A proxy checker in Python verifies the functionality, speed, anonymity, and geographical location of a proxy server by making HTTP requests through it to a known target URL and analyzing the response.
Fundamentals of Proxy Checking
The core of a proxy checker involves sending an HTTP request through a specified proxy and evaluating the outcome. This process typically uses the requests library, which simplifies HTTP interactions in Python.
Basic HTTP Proxy Check
To check a basic HTTP or HTTPS proxy, configure the proxies dictionary in the requests.get() method. A reliable target URL, such as httpbin.org/ip or ipinfo.io/json, is essential.

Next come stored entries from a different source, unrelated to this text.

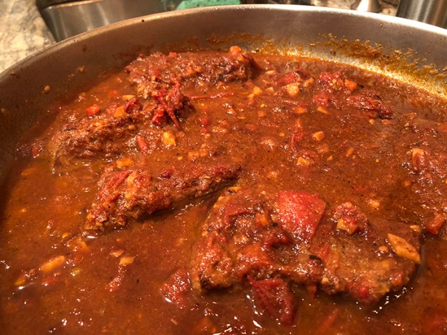 My favorite pan for this dish is my (very) old Farberware electric skillet, because it maintains a nice low simmer that develops flavor all day long. You could also make this in your slow cooker / crock-pot, or cook it on low heat in a dutch oven — after the initial pan-frying of the beef.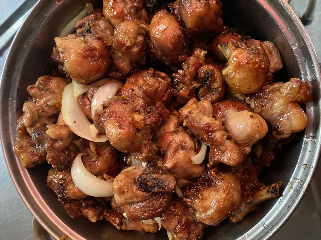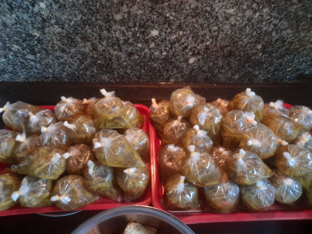 12/8, bếp nhà sonnynhan nấu 60 phần cơm chiều, thực đơn : gà chiên nước mắm, cà tím xào, canh mồng tơ nấu với mướp và thịt bằm, sữa Fami.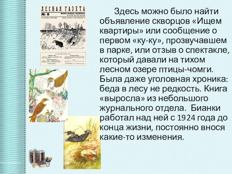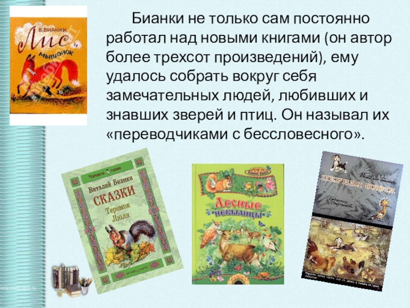 Слайд 11 Бианки не только сам постоянно работал над новыми книгами (он автор

These services return the public IP address from which the request originated, allowing for verification.
import requests
import time
def check_http_proxy(proxy_address: str, timeout: float = 10.0) -> dict:
"""
Checks an HTTP/HTTPS proxy for basic connectivity and response time.
Args:
proxy_address: The proxy string (e.g., "http://user:pass@ip:port").

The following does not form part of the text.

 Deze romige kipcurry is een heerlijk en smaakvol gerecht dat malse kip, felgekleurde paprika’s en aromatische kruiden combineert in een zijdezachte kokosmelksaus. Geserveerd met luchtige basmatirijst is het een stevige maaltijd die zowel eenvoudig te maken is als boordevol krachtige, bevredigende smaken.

timeout: Maximum time in seconds to wait for a response.
Returns:
A dictionary with proxy status, response time, and error message if any.
"""
proxies = {
"http": proxy_address,
"https": proxy_address,
}
target_url = "http://httpbin.org/ip" # Use http for httpbin, or https for ipinfo
start_time = time.time()
try:
response = requests.get(target_url, proxies=proxies, timeout=timeout)

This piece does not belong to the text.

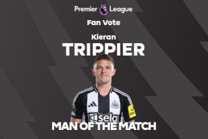 體育資訊4月27日訊 英超第34輪,紐卡斯?fàn)?-0伊普斯維奇。賽后,紐卡后衛(wèi)特里皮爾當(dāng)選全場最佳球員。

response.raise_for_status() # Raise HTTPError for bad responses (4xx or 5xx)
end_time = time.time()
latency = round((end_time - start_time) * 1000, 2) # Latency in ms
origin_ip = response.json().get('origin')
return {
"proxy": proxy_address,
"status": "Alive",
"latency_ms": latency,
"origin_ip": origin_ip,
"error": None
}
except requests.exceptions.Timeout:
return {"proxy": proxy_address, "status": "Timeout", "latency_ms": None, "origin_ip": None, "error": "Request timed out"}
except requests.exceptions.ConnectionError:
return {"proxy": proxy_address, "status": "Dead", "latency_ms": None, "origin_ip": None, "error": "Connection failed"}
except requests.exceptions.HTTPError as e:
return {"proxy": proxy_address, "status": "Error", "latency_ms": None, "origin_ip": None, "error": f"HTTP Error: {e}"}
except Exception as e:
return {"proxy": proxy_address, "status": "Error", "latency_ms": None, "origin_ip": None, "error": f"An unexpected error occurred: {e}"}
# Example usage:
# print(check_http_proxy("http://203.0.113.45:8080"))
# print(check_http_proxy("https://198.51.100.22:443"))
Handling Different Proxy Types
The requests library natively supports HTTP and HTTPS proxies. For SOCKS proxies (SOCKS4 and SOCKS5), an additional dependency requests[socks] is required. Install it using pip install requests[socks]. The proxy URL scheme then changes to socks5:// or socks4://.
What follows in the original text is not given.